I think the problem in the desktop/laptop space is, that what do you prefer: A 5% more expensive CPU that can run all your programs you already have or a marginally cheaper CPU for which there are only a handful of programs available? I - and I'm pretty sure the majority of people - would take the first choice. On the other hand who'd write a program for a ARM cpu that doesn't target a smartphone?
With the advance of bytecode interpreters that problem should become smaller and smaller, but atm we're not there I think.
The reason why people can port games from consoles to PCs is that there's already a framework that handles most of the complexity - for other applications these don't exist.

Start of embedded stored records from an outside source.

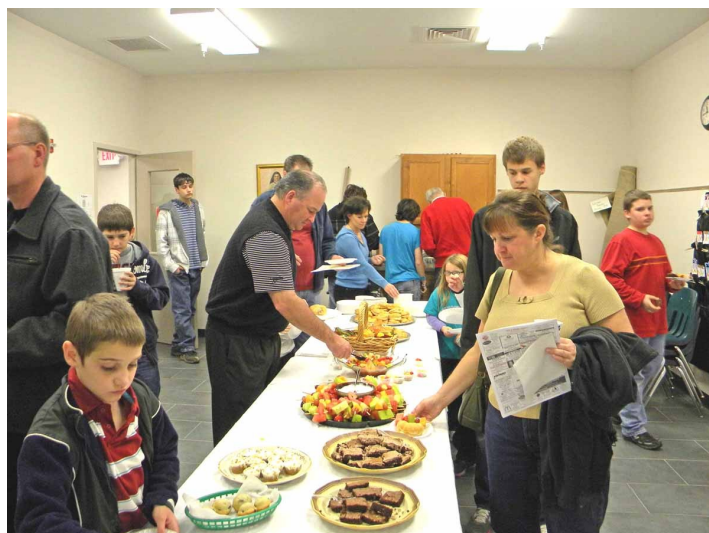
Book signing attendees enjoyed a great spread of sweets and fruits to go with their beverages.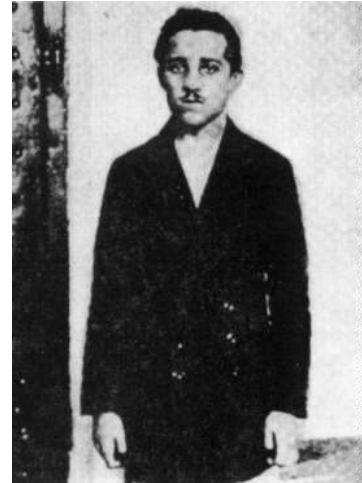
Gavrilo Princip, assassin of Austrian Archduke Franz Ferdinand

The Princes of World War I. World War I was triggered by the June 28, 1914, assassination in Sarajevo of the Austrian Archduke Franz Ferdinand , heir presumptive to the throne of the Austrian-Hungarian Empire. Franz Ferdinand was Prince Imperial of Austria, and Prince Royal of Hungary and Bohemia. His assassin was a Bosnian Serb, Gavrilo Princip , whose name happens to mean Prince . Princip was committed to the independence of the Southern Slavic people (Yugo Slavs) from the Austrian-Hungarian Empire. A month later Austria would declare war on Serbia, beginning World War I.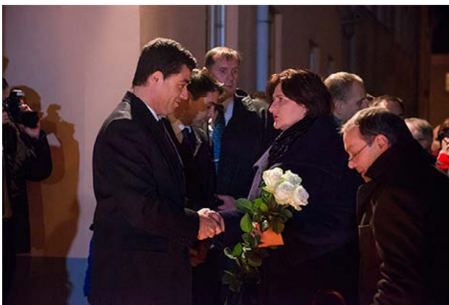
The Speaker of the Seimas, Loreta Graužinienė, pays tribute to the memory of the victims of terrorism at the Embassy of the French Republic. 15 November 2015

For more photos of the November 2015 events and meetings, see here .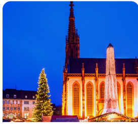
Würzburg Christmas Markets

These are just a few of the very special hand selected experiences that will really make your touring experience exceptional and unique, and don't forget, with Albatross they are always included.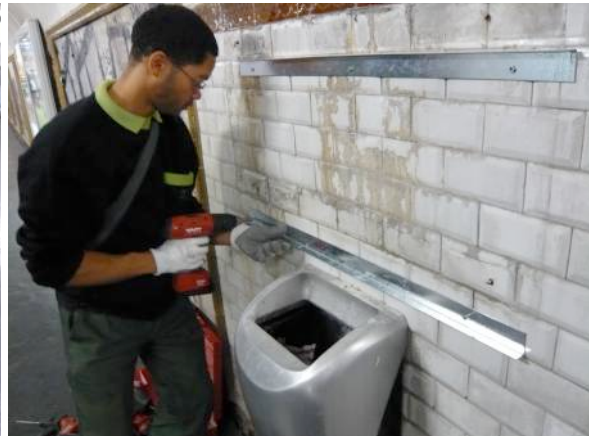
Photo 9. Drilling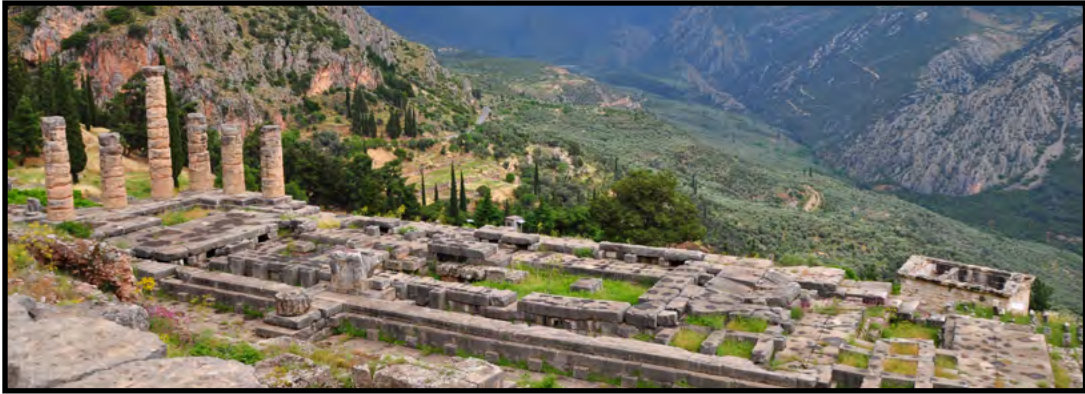
The ruins of the Temple of Apollo at Delphi.

Philosophers of all ages, as far back as the Delphian oracle of the Greek mystery schools, have voiced the admonishment: “Know thyself.” One may wonder: What is so profound about these three simple words? I know who I am. Therein lies the fallacy in most people’s thinking and actions throughout the centuries, excluding the immaterial to exult in the material. Not “who I am” but “what I am” is the key to unlocking the mysteries of existence; for, to know “what I am” is to find the greatest inspiration and happiness of which people, in our finite existences, are capable.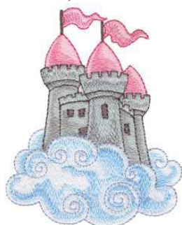
CK901 Castle In The Clouds 3.57 X 4.54 in. 90.68 X 115.32 mm 19,130 St. ✿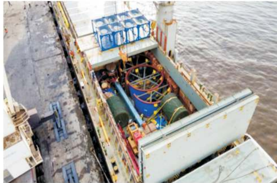
Footage of equipment of Marapa Mines at the Freetown Terminal

All of the M3.75 Equipment has been designed specifically to meet the growing demands from the international markets for high grade iron ore, which is a key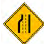
Fewer Lanes Ahead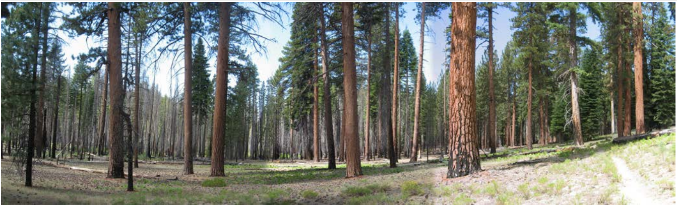
Fire is an important ecological process that can exhibit self-limiting characteristics across an entire landscape, such as the Illilouette Basin of Yosemite National Park.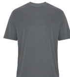
COAL GREY Cool Grey 10C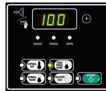
Micro-DISPLAY Control Water Saver Washer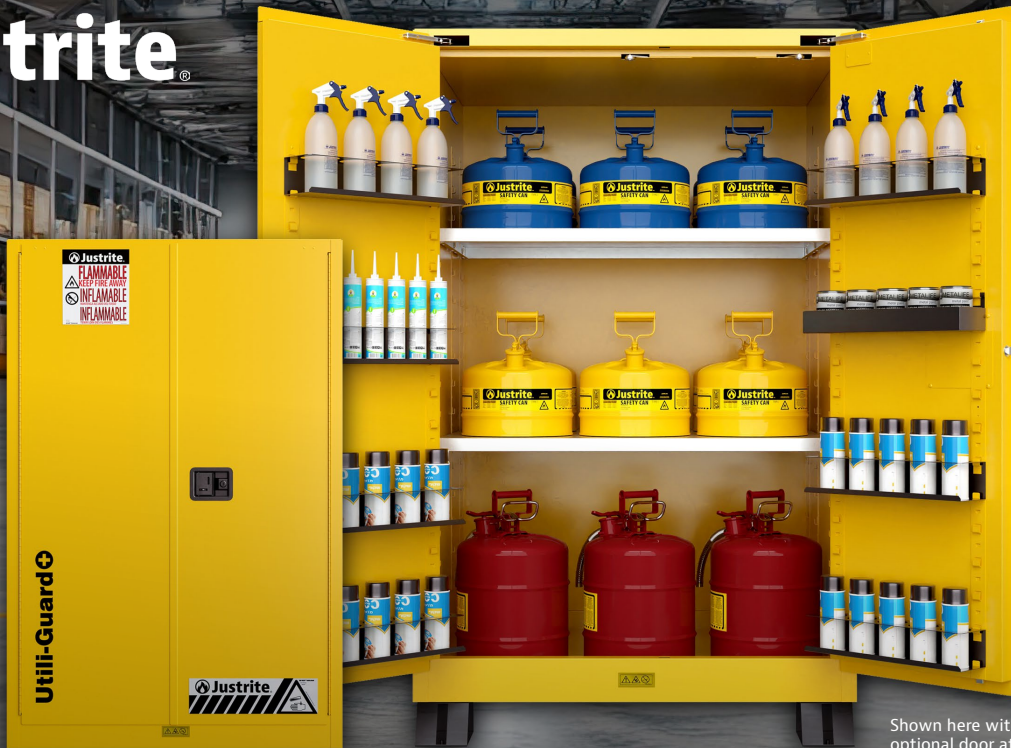
Shown here with 6 additional optional door attachments and optional skid legs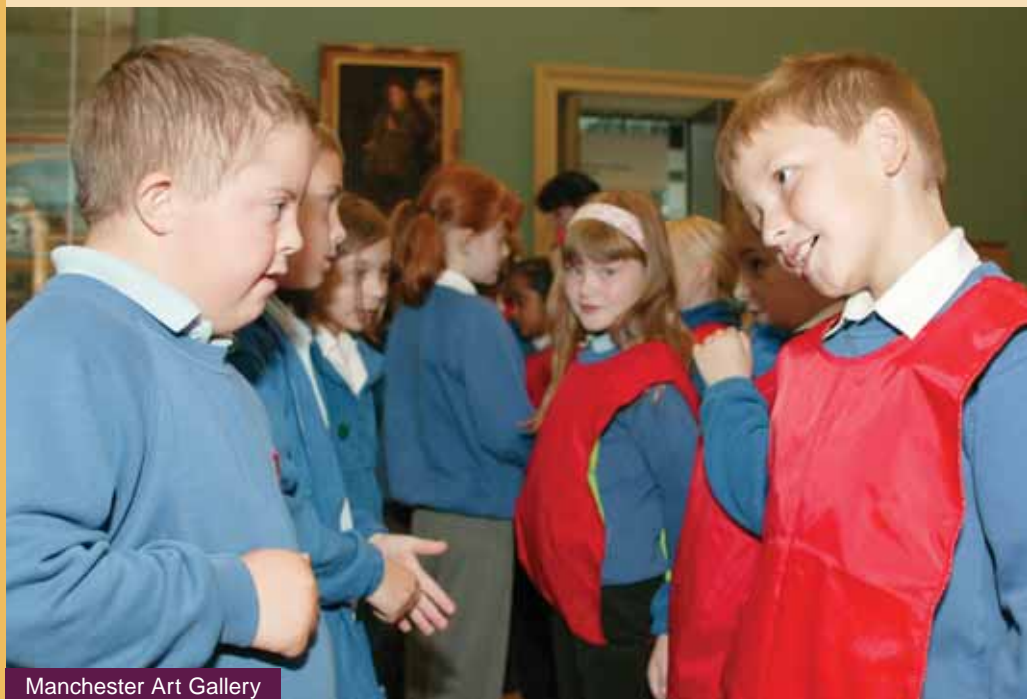
Manchester Art Gallery

This Manchester Art Gallery session is led by writers who take pupils on a fascinating journey into their imagination. Pupils investigate what makes a good story through the gallery's collections exploring characters, plots and vocabulary.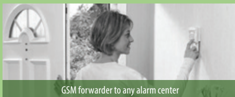
GSM forwarder to any alarm center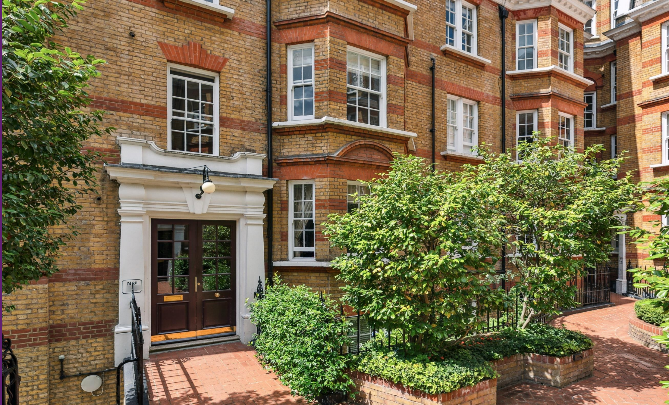
Bullingham Mansions Kensington, W8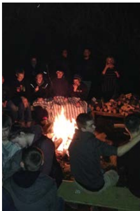
Wind Ensemble Retreat

*If a student is late and misses the bus, he/she may be brought to the activity by the parents. Once there, the student and parents will report to the band director. If the student is not brought by his/her parents, the student will not be allowed to perform and that will be treated as an unexcused absence from a performance.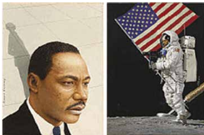
Time Covers from the Sixties

1250 New York Avenue, N.W., Washington, DC 20005-3970 202-783-5000, 1-800-222-7270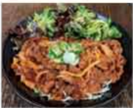
Umakara Beef Rice Bowl 855 Cal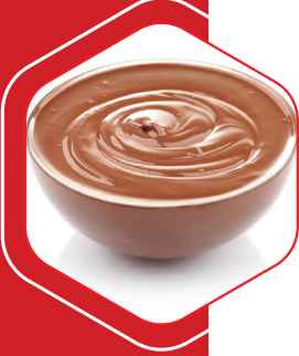
ÇİKOLATA SOSU CHOCOLATE SAUCE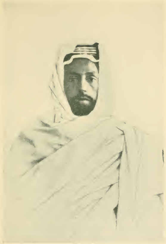
THE EMIR IDRIS ES SENUSSI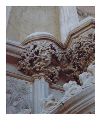
Green Man in Ely Cathedral.

The concept of medieval chivalry was famously described in 1891 by Leon Gautier, who listed ten rules of chivalry from the 11th and 12th centuries: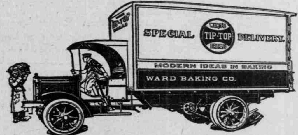
The Ward Baking Company owns a total of 43 White Trucks

typically 3,000,000 automobiles, with the probability that this number will be increased to 5,000,000 before the close of the present selling season."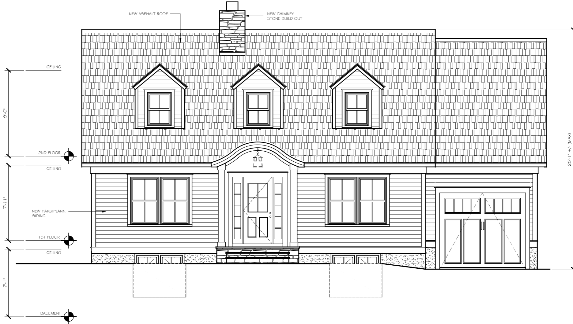
2 PROPOSED FRONT ELEVATION A5 SCALE: 1/4" = 1'-0"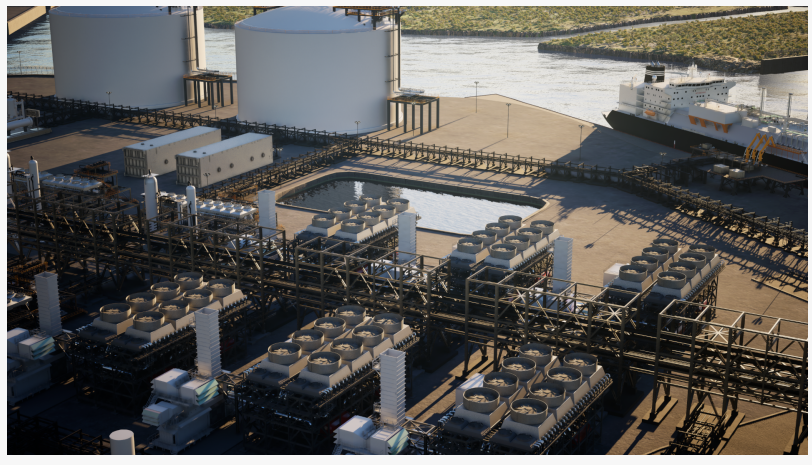
Argent 6 Trains Loading LNG Carrier

traffic and the ability to move molecules quicker and more efficiently to the customers."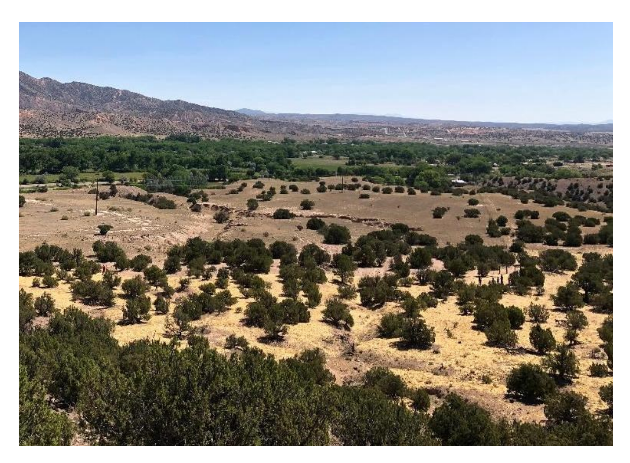
Results of the Poshuouinge seeding project (seed covered with straw is in the foreground). See the story on page 4.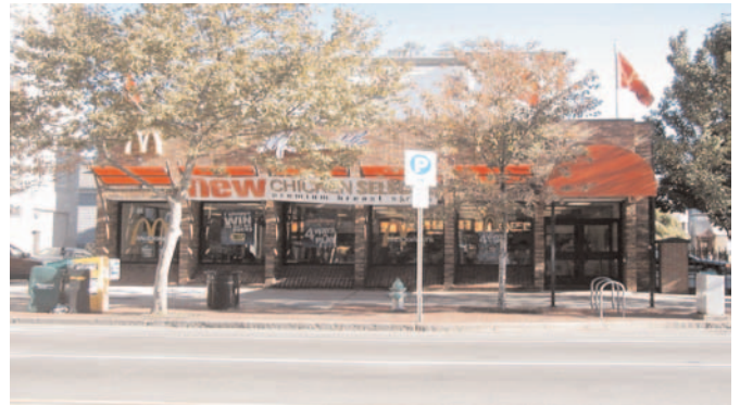
Townscape cites McDonald's in Central Square, shown above, as an example of offensive corporate branding.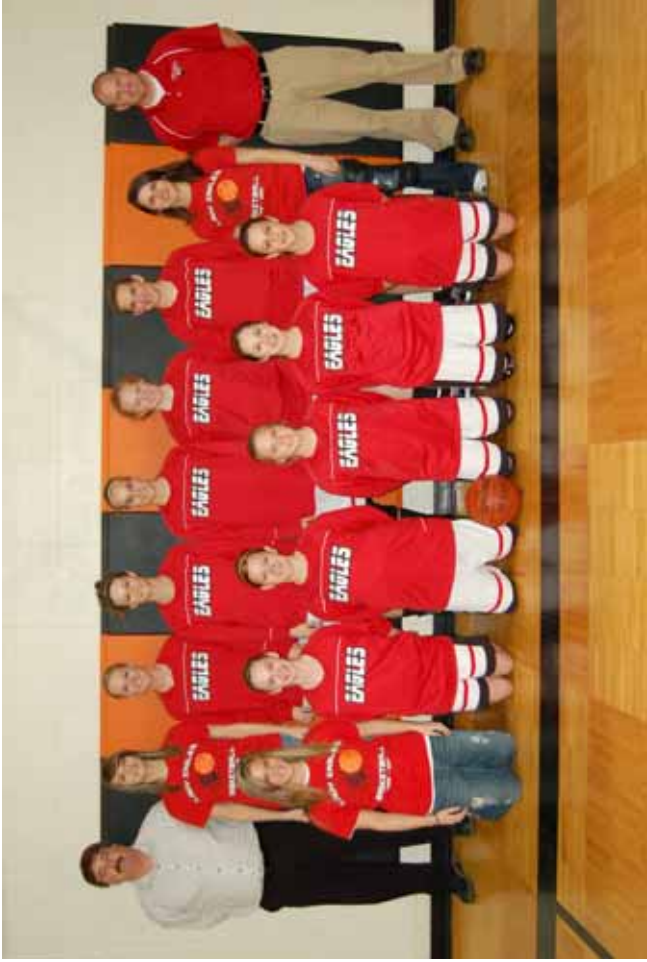
Knox County Lady Eagles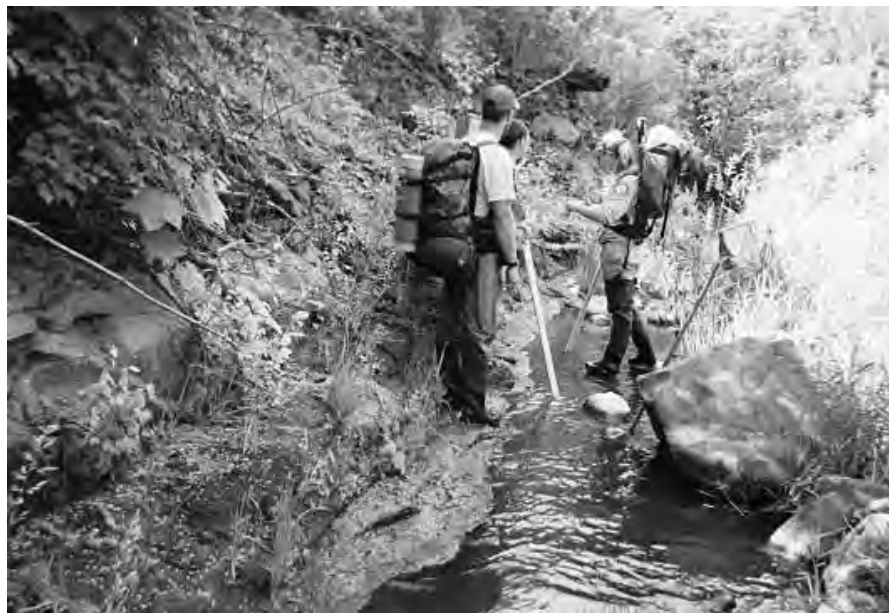
Field crews of three like this one shown above gather stream inventory in local watersheds.

Aside from stream inventory, summer field crew will also treat Knotweed and Orange hawkweed. The noxious weeds will be treated at predetermined sites using techniques the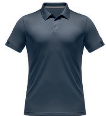
PIQUE POLO SHIRT | BQ5383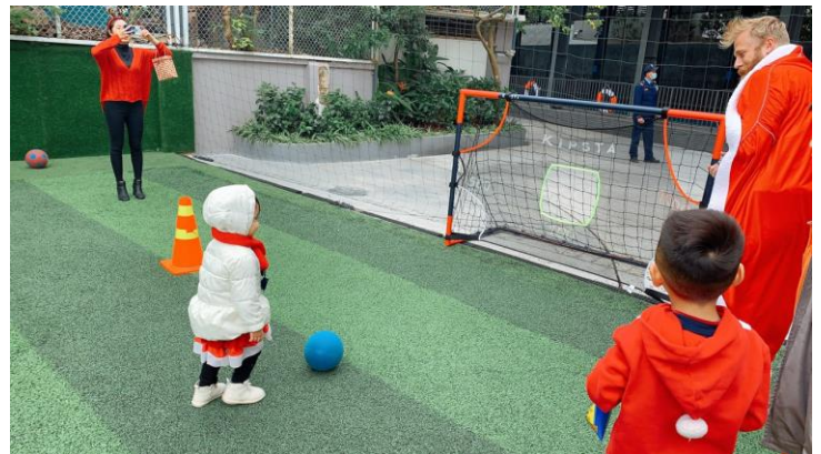
KIK Students lining up to shoot a goal and win prizes at our Christmas Charity Fair.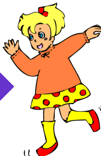
I can hop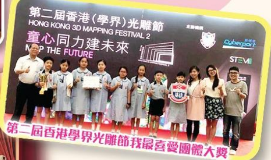
第二屆香港(學界)光雕節 HONG KONG 3D MAPPING FESTIVAL 2 童心同力建未來 MAP THE FUTURE 我最喜愛團體大獎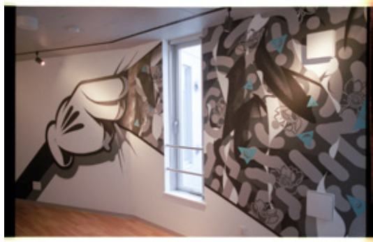
3-B American / Art Work by SLICK & 81BASTARDS

I don't think everybody can jump to ARM tomorrow, but I see a trend. I didn't even consider bytecode.
As for "programs I already have", much of what I do is in a web browser; outside the browser, I watch TV (well, when it's Hulu that's in the browser too), play games, and use TuxGuitar and Audacity (both are already cross-platform). Browsers exist on every platform, and as previously discussed many games are developed on PowerPC. I think the growing power of web browsers is actually a relatively large threat to Windows and x86. Once it works in Firefox, OS and instruction set become irrelevant.
Power users here may have more applications that are problematic, but as people like me jump to new platforms (e.g. a $200 impulse-buy tablet/netbook/whatever), some will be developers, and they'll solve the "missing application" problems. Really old legacy applications can be addressed with emulation. Heck, Microsoft already uses that solution even for x86 on x86 because software compatibility is imperfect.
Does anyone have information on how x86 decoding scales for smaller cores like atom and bobcat?
Would it be safe to assume less x86 decoder area is needed for a smaller cpu core?
I don't think I can give a satisfying answer because I don't think there's sufficiently-detailed public information to work from. However, I stand by my statement that there's overhead beyond the decoder (and a lot of that doesn't scale down much).
I keep wondering why atom has such a decreased performance per watt compared to other laptop and desktop processors? IO power budget scaling differences vs. x86 decoder scaling differences vs. other differences?
Given the perf-per-watt of Bobcat versus Atom, it would seem that Intel did something wrong for Atom. It's plausible that they started the design aiming at sub-watt operation, realized they blew the budget, and decided to crank the frequency and push it into netbooks in hopes of making money until they could fix the design. When you take an architecture well beyond its design target (either by pushing a server chip into a laptop, or a laptop chip into a server), you end up with horrible perf/watt.